■ **Given data**
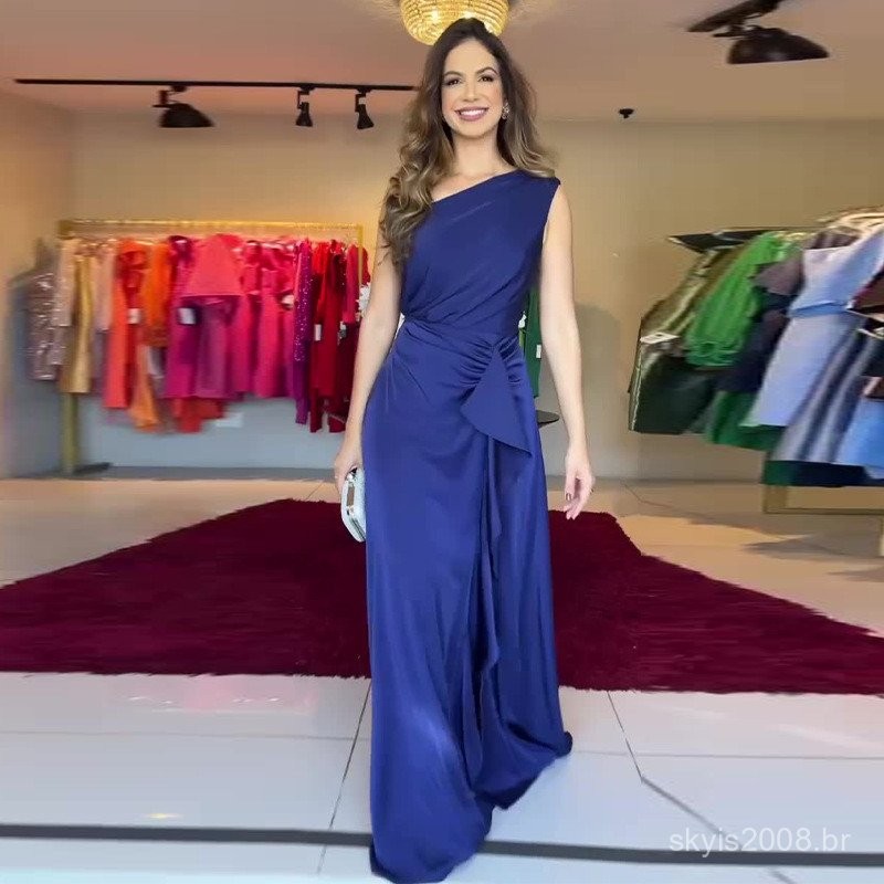 Verão Europeu E Americano Roupas Femininas Cor Sólida Babados Sem Costas Slim Fit Vestido Longo Banquete Festa De Ombro Inclinado
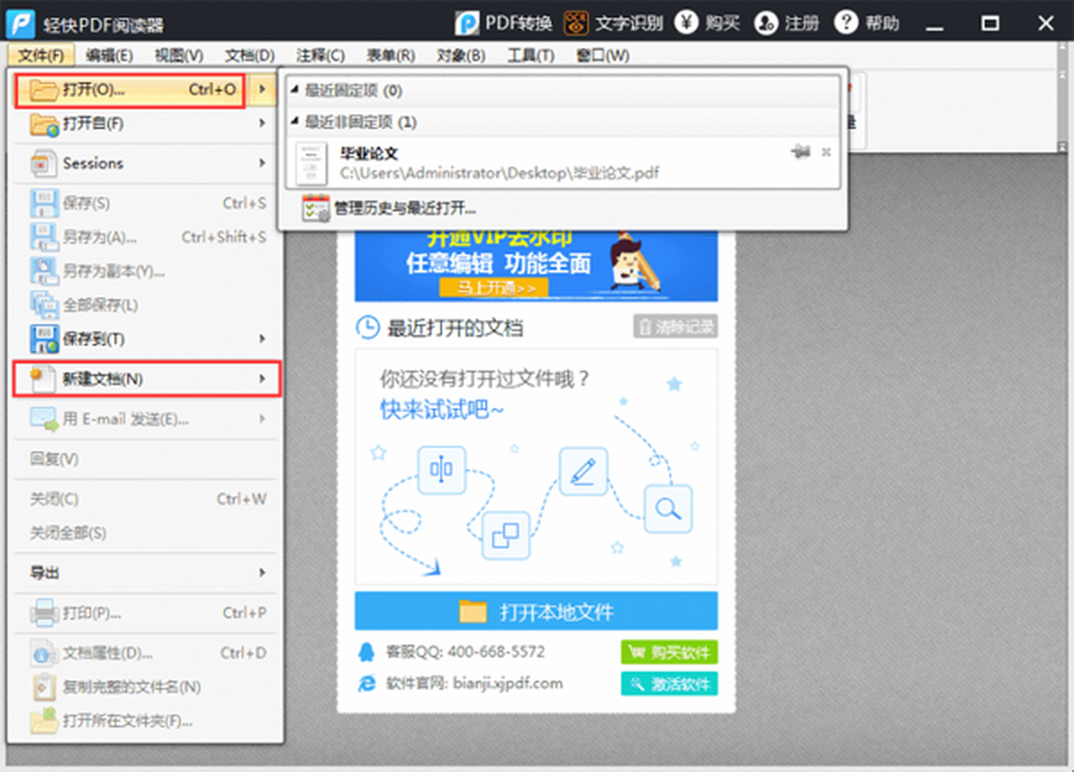 “文件”——“打开”,选择电脑中的PDF文件,即可打开PDF文件进行阅读。除此之外,还可以通过“新建文档”按钮,创建一个新的空白PDF文件。(打开PDF文件,还有更快捷的方法:直接拖拽电脑中的PDF文件至软件界面中即可打开阅读。)
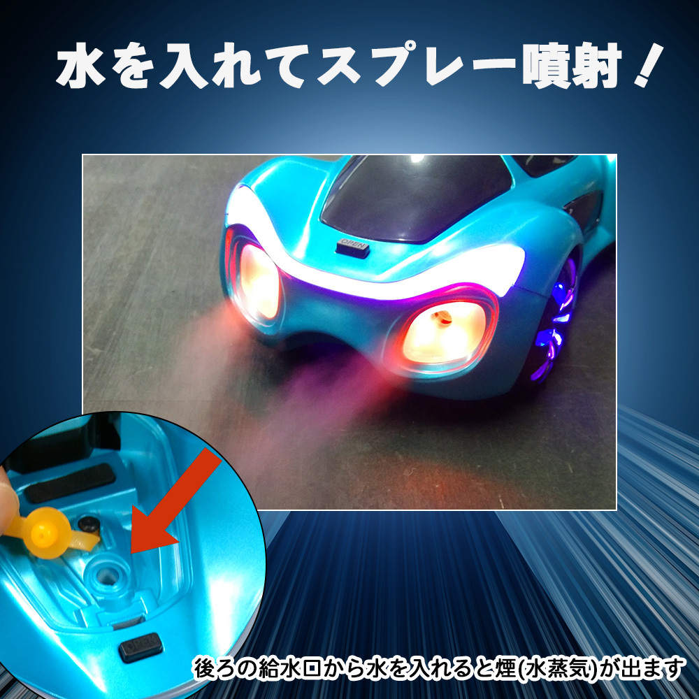 (青) 光る! 音が出る! 全方向 ドライブ EVカー ラジコン 多方面走行 360度 回転 スモーク 煙 車 電気自動車 充電 子供 人気 楽しい EV-CAR
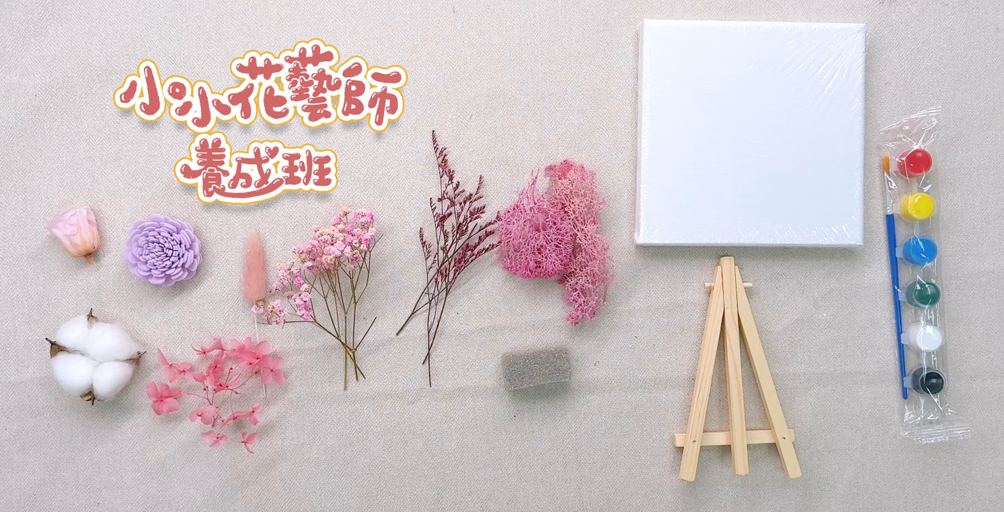 擴香花、永生玫瑰花、棉花、永生繡球花、永生青苔、滿天星、染色卡斯、兔尾草、15x15cm油畫布、小型畫架、6色3ml壓克力顏料、畫筆、乾燥花專用海綿

■ **Exercise description**
From the line that holds "(青) 光る! 音が出る!" to the last line of the data, return those lines exactly and nothing else; both ends count, and pictures stay out.

■ **Output of the exercise**
 (青) 光る! 音が出る! 全方向 ドライブ EVカー ラジコン 多方面走行 360度 回転 スモーク 煙 車 電気自動車 充電 子供 人気 楽しい EV-CAR
 擴香花、永生玫瑰花、棉花、永生繡球花、永生青苔、滿天星、染色卡斯、兔尾草、15x15cm油畫布、小型畫架、6色3ml壓克力顏料、畫筆、乾燥花專用海綿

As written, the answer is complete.